Потом началось прикалывание октябрятских звездочек, и Говорову было видно, как напряглась Манечка, как уши встали у нее торчком, засветились фонариками, и Говоров понимал ее: достанется ли ей звездочка, или это был пустой спектакль, обман? Ему было и смешно, и жалко Манечку, и рождалось чистое успокоительное чувство приятия этого нехитрого церемониала, этой наивной детской веры, что-то восполнявшей в нем самом.

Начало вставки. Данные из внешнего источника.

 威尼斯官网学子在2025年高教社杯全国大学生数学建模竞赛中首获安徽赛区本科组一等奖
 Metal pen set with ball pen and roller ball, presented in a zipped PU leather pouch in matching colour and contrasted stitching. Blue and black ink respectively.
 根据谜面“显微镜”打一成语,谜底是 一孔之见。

К счастью, звездочка нашлась и для Манечки. Она нетерпеливо перебирала ногами, когда ее ей прикалывали, и только прозвучала команда, нечто вроде армейского "разойдись", как Манечка, спрыгивая со ступенек, кинулась к Ирине Михайловне и Говорову, но больше все-таки к Ирине Михайловне, а та обеспокоенно "подправляла" ее, подталкивала: "Дедушке покажи, дедушке…" - и смутно прошла в его памяти сцена на вокзале, в утро приезда Манечки.

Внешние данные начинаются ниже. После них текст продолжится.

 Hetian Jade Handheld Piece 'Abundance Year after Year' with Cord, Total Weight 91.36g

Небо сеяло мельчайшую водяную пыль. Но цвета необычно сгустились, и красный гранит Мавзолея был как бы нагрет изнутри, строгие, крайне простой формы камни дышали жаром, создавалось ощущение твердыни, где царит бесконечная человеческая жизнь. Ощущение живого Ленина каждый раз с загадочной щемящей властью возникало в Говорове, когда он бывал здесь. Время пропадало совсем или было беспредельно и напоминало о себе лишь неожиданной падающей с грани на грань мелодией курантов и сменой караула у двери, за которой в тайной глубине жил неумирающий ни для одного поколения человек. Наверное, Ирина Михайловна с Манечкой испытывали сейчас то же самое, они стояли молча, какая-то гипнотическая сила заставляла их стоять и стоять перед приземистой светящейся красно-черной пирамидой, возле которой уходит прочь все грошовое и пустячное и душа наполняется теплом священного камня.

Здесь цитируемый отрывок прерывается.